■ Work instructions: Only the lines from the one containing "کابل شارژ 2کاره" to the end of the data below belong in the answer, each repeated exactly; no pictures.

■ Data:
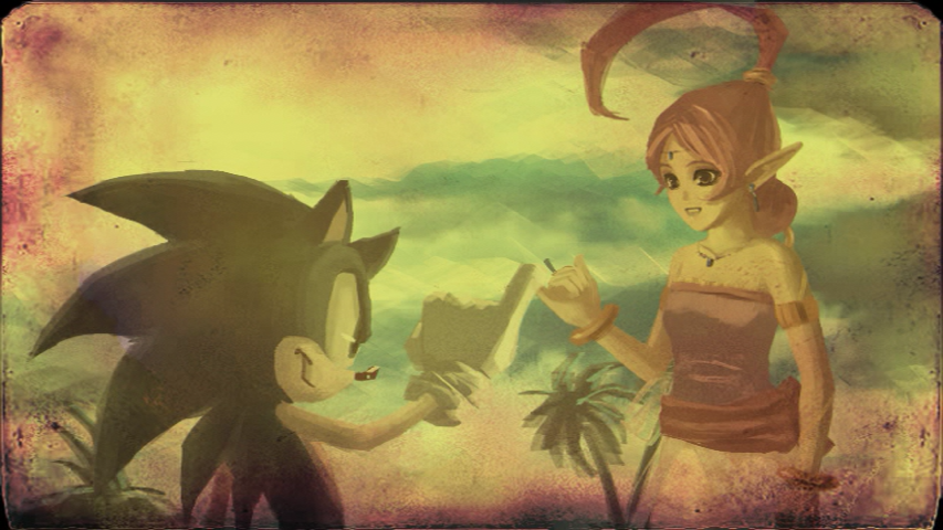 In keeping with his footloose lifestyle, Sonic never dwells on the past or allows his painful experiences to weigh him down. Instead, he lives in the present and always looks forward to his next adventure, holding no regrets for what has transpired. It is only in the moments of greatest loss that his macho and carefree appearance falls away, like the apparent death of Elise.[37] Similarly, Sonic always does what he thinks is right and never second-guesses what he does, remaining steadfast to the end.[29] Together, these qualities give Sonic an incredibly strong character and will; no matter the situation, he never doubts himself or gives up, never once submitting to the darkness in his heart.
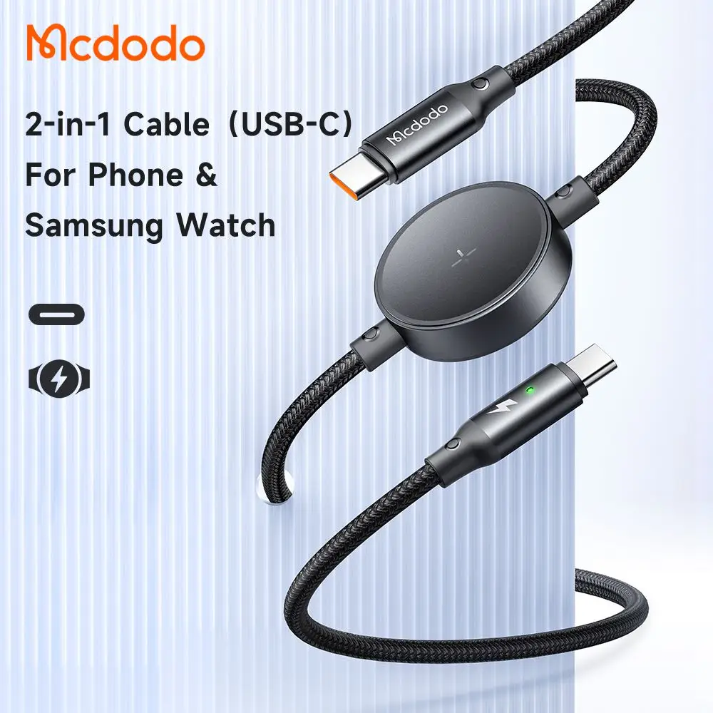 کابل شارژ 2کاره موبایل و ساعت سامسونگ واچ 60 وات تایپ سی به تایپ سی مک دودو مدل MCDODO CA-4170 طول 1.5متر
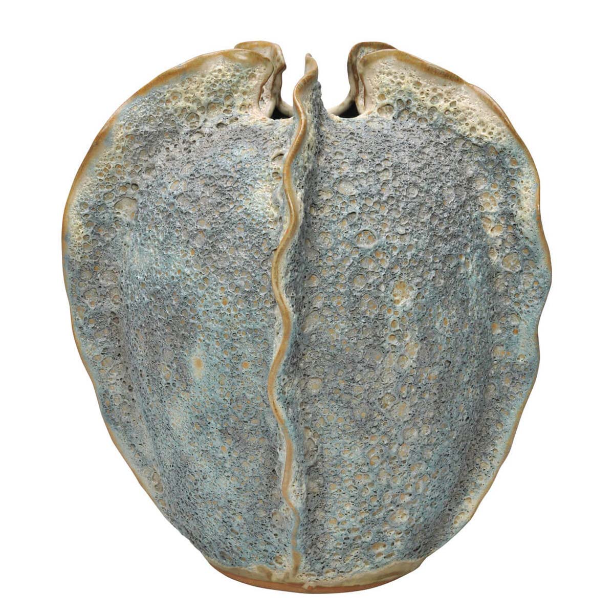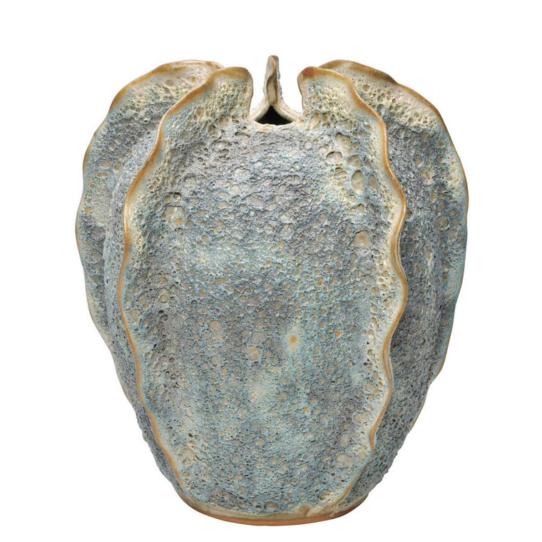 The Carambola Vase, inspired by oceanic forms, features rolling ribs and intricate glaze. This stoneware piece, part of the Habitat collection, adds a touch of wonder to any environment.

■ Answer below:
 کابل شارژ 2کاره موبایل و ساعت سامسونگ واچ 60 وات تایپ سی به تایپ سی مک دودو مدل MCDODO CA-4170 طول 1.5متر
 The Carambola Vase, inspired by oceanic forms, features rolling ribs and intricate glaze. This stoneware piece, part of the Habitat collection, adds a touch of wonder to any environment.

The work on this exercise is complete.